A (broad): A median-incised cross of type F1 is mitred into a double-outlined frame. The centre of the cross is a circle with an inset centre. There are two inscriptions:

(a) Upper quadrants, in runes:

 os II gyþ

(b) Lower quadrants, in Anglo-Saxon capitals:

 +OS II GYÐ

This is an Old English feminine personal name.

Discussion

This is perhaps the best proportioned layout of all the Lindisfarne group. The lines are fine and crisp, and the cross well related to the frame. Both the runic and the Latin inscriptions are confident and well spaced.

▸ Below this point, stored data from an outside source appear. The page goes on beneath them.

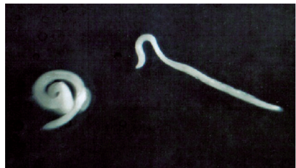
Figura 3. Verme eliminado.
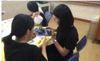
드디어 완성! 독도 입체 퍼즐
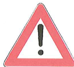
fig. 309 art.135 (Segnalazione strada senza uscita )

- fig. 35 art.103 (Segnalazione di pericolo)
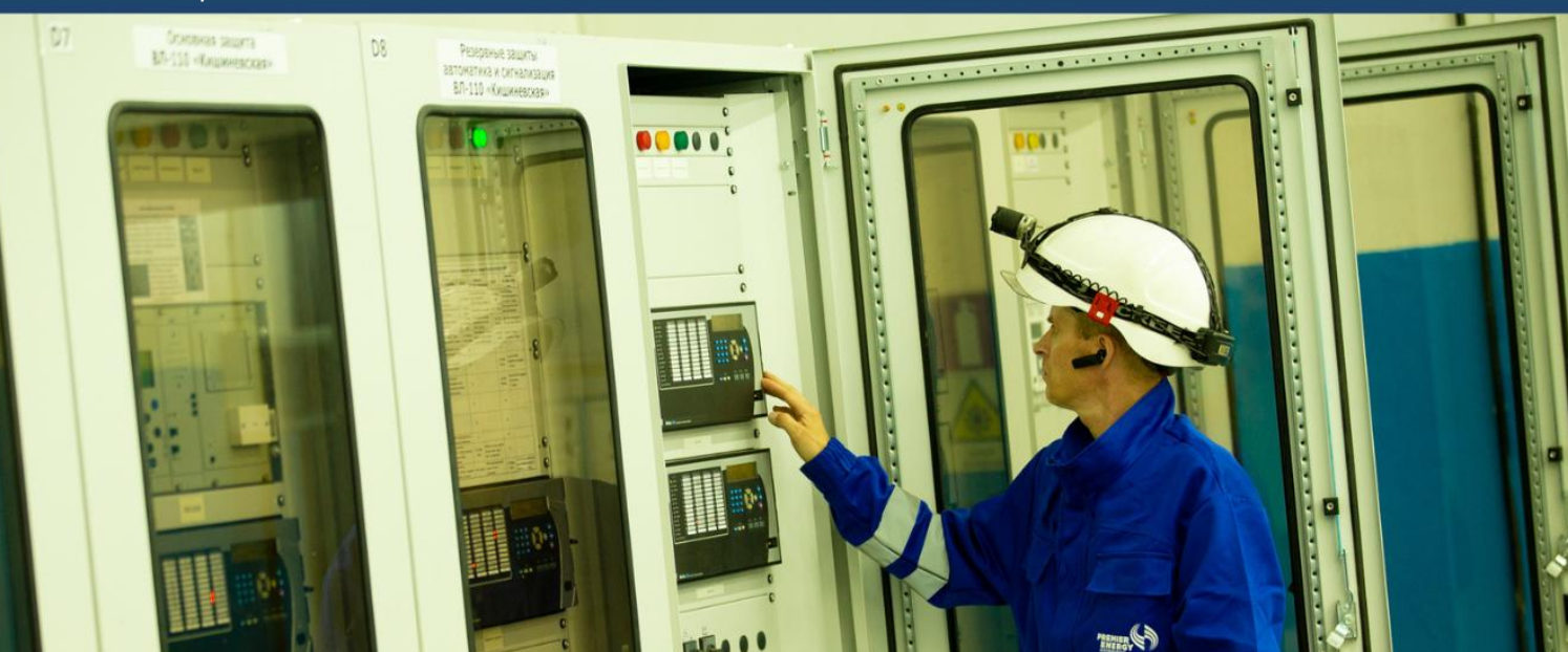
Panou rețea de distribuție energie electrică al Premier Energy, Republica Moldova
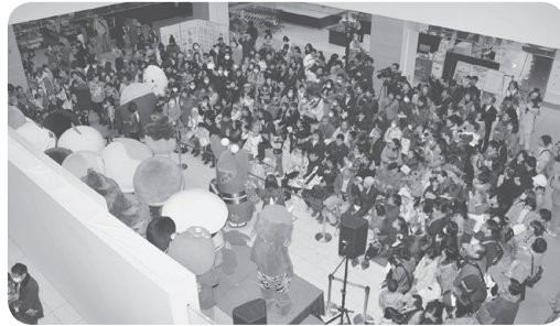
ゆるキャラは、子どもたちに大人気
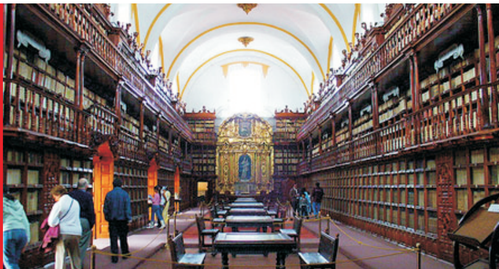
Biblioteca Palafoxiana. Espacio dedicado a la cultura y lectura, la cual abre sus puertas a los turistas para que puedan deleitarse con la disposición y acervo abierto a la consulta de todo aquel que así lo desee.

Economista, industrial y empresario poblano que fundó la primera fábrica de hilados y tejidos de algodón mecanizada que funcionó en México, con lo que dio origen a la moderna industria textil del país, introduciendo los métodos y las máquinas hidráulicas inventadas por Richard Arkwright. Fue un verdadero ideólogo y precursor del liberalismo industrial.

The way in which the cross-arms are mitred into the frame is paralleled on 25 and at Hartlepool (no. 7).

Date
Mid seventh to mid eighth century
References
Peers 1914-15, 134-5, fig. 2; Peers 1915-16; Browne 1916, 79-81, fig. on 79; Brown 1918-19, 204, fig. 5, 10-11; Brown 1921, 68; Peers 1923-4, 259, fig. 2; Collingwood 1927, 10-11, fig. 161; Kendrick and Hawkes 1932, 343, fig. 121; Friesen 1933, 52; Arntz 1938, 76, 89; Bæksted 1943, 44-5; Hodgkin 1952, 296 and fig.; Marquardt 1961, 92-3; Okasha 1971, 94-5, pl. 76; Page 1973, 104, 143-4, fig. on 104
Endnotes
1. The following are general references to the Lindisfarne stones: (—) 1855-7e, 275; (—) 1869-79c, viii; Rivoira 1933, 153; Elliott 1959; 81; Henry 1965, 158; Coatsworth 1981, 25.